The simple language, which reads “We oppose in-state college tuition for illegal aliens,” was supported by over 95% of the convention delegates.
First enacted in 2001, the law faced little scrutiny until roughly ten years ago. Since then, there’s been a mounting conservative crescendo demanding its repeal. Still, despite conservative support repeal efforts haven’t been able to take root in the Texas Legislature.
In 2015, the measure died in both chambers.
In the Texas House, liberal coalition led by Speaker Joe Straus (R-San Antonio) ardently opposed the repeal. To kill the measure there, Straus sat on the various repeal proposals before referring them to the committee of his hatchet man, State Rep. Byron Cook (R-Corsicana), who refused to hold a hearing on the legislation.

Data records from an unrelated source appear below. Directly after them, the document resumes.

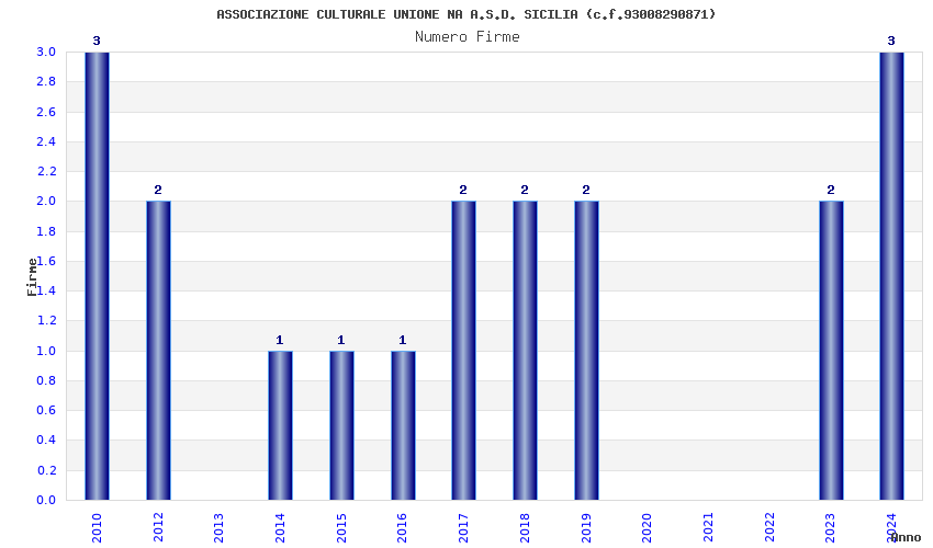 | Anno | Firme | Importi | Media | Naz. | Reg. | Prov. | Comu. |
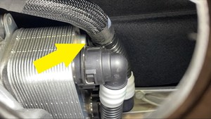 - 松开软管夹,断开后驱动单元逆变器至热交换器软管与机油冷却器的连接,然后让液体排出。
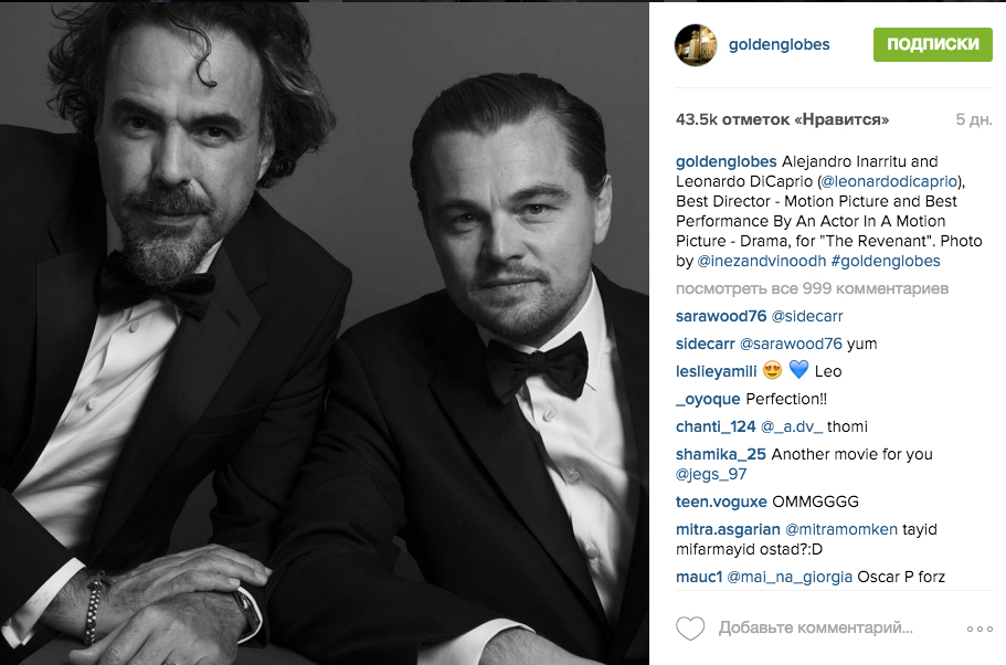 В это же время в официальных аккаунтах премии в Instagram и Twitter @goldenglobes началась трансляция. Разумеется, этим уже никого не удивишь. Но, что примечательно, победителей практически сразу после вручения награды провожали в специальную студию, где известные фотографы Инез Ван Ламсвеерде и Винуд Матадин снимали их портреты, которые сразу же появлялись в Instagram «Золотого глобуса». То есть постановочные фото, как у нас любят говорить, журнального формата появлялись в Сети уже через несколько минут после вручения статуэтки. Вот это уровень! Не говоря уже о том, что пользователи Facebook могли задавать вопросы победителям, ответы на которые можно было услышать в перископе.

In the Senate, repeal was supported by Lt. Gov. Dan Patrick and nearly all of the Senate Republican caucus, but was successfully stifled by three defectors –liberal Republican State Sens. Kevin Eltife (R-Tyler), Kel Seliger (R-Amarillo), and Craig Estes (R-Wichita Falls). Both made clear that they would join the Democrat blockade opposing repeal.
Next session, advocates should fare better for one simple reason: elections.
Since Eltife won’t be returning to the Texas Senate, both Seliger and Estes will be required to openly defy the grassroots in a year they are running for re-election—a harsh spotlight for both vulnerable incumbents for whom there are already rumblings of candidates making ready to replace them.
With more favorable conditions and a true measure of support serving as a tail wind, conservatives should be emboldened at the likelihood of repealing the policy next session. However, much hard work will be necessary in order to succeed.